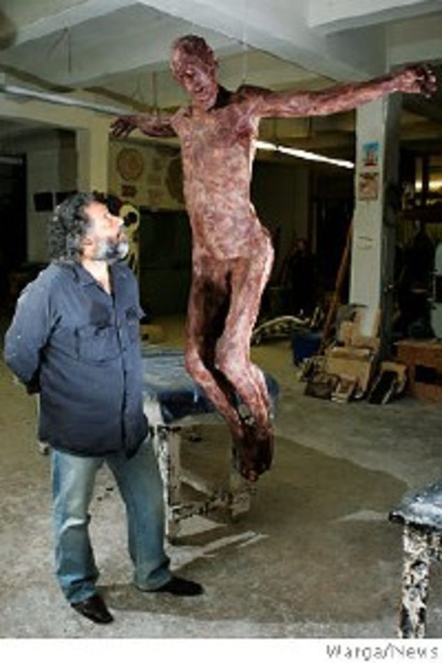 Cosimo Calallaro's sculpture "My Sweet Lord," which is an anatomically correct rendering of Jesus Christ made from nearly 200 lbs of dark chocolate, is provoking Catholic ire and funny headlines. The Daily News's stab? "CHOC FULL O'ANGER." Not bad! But we know you can do better. To get the ball rolling:
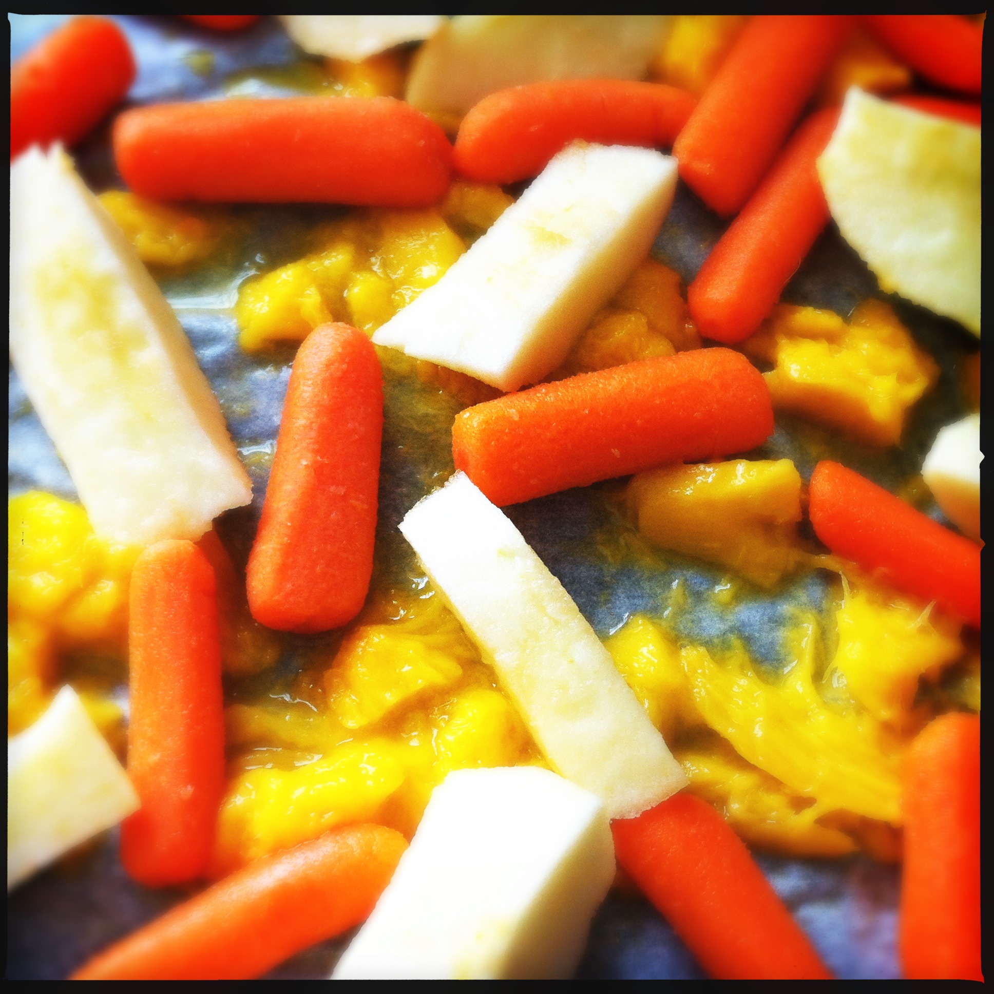 Preheat oven to 350 degrees. Line a sheet pan with parchment paper. Peel and core the apples then cut into quarters, peel and cut the mango into chunks, rinse the carrots, and arrange the fruit & veg in a single layer on the prepared pan.
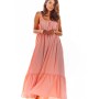Robe ample et surdimensionnée avec un décolleté dans le dos. S'adapte parfaitement à la marche. La coupe ample permet de s'adapter à toutes les silhouettes. Le bas de la robe est fait d'un volant. La robe est idéale pour l'été. Fabriqué en viscose aérée et naturelle.
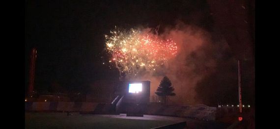 Ein Batterie-Feuerwerk hinter der Südkurve.
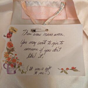 I picked this up at an estate sale... and the little note attached was so cute, and shows that this is pre-owned, but UNWORN.
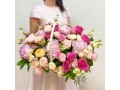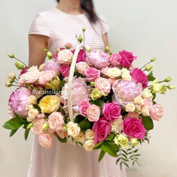 Корзина с розовыми пионами и розами
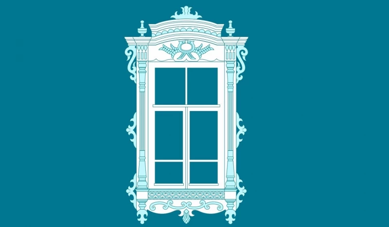 Художественными кисточками остается покрасить голубым цветом небольшие детали на наличниках.

#####

◆ Exercise requirements
What is needed is every record above printed exactly, with no pictures.

◆ Exercise answer
 Cosimo Calallaro's sculpture "My Sweet Lord," which is an anatomically correct rendering of Jesus Christ made from nearly 200 lbs of dark chocolate, is provoking Catholic ire and funny headlines. The Daily News's stab? "CHOC FULL O'ANGER." Not bad! But we know you can do better. To get the ball rolling:
 Preheat oven to 350 degrees. Line a sheet pan with parchment paper. Peel and core the apples then cut into quarters, peel and cut the mango into chunks, rinse the carrots, and arrange the fruit & veg in a single layer on the prepared pan.
Robe ample et surdimensionnée avec un décolleté dans le dos. S'adapte parfaitement à la marche. La coupe ample permet de s'adapter à toutes les silhouettes. Le bas de la robe est fait d'un volant. La robe est idéale pour l'été. Fabriqué en viscose aérée et naturelle.
 Ein Batterie-Feuerwerk hinter der Südkurve.
 I picked this up at an estate sale... and the little note attached was so cute, and shows that this is pre-owned, but UNWORN.
 Корзина с розовыми пионами и розами
 Художественными кисточками остается покрасить голубым цветом небольшие детали на наличниках.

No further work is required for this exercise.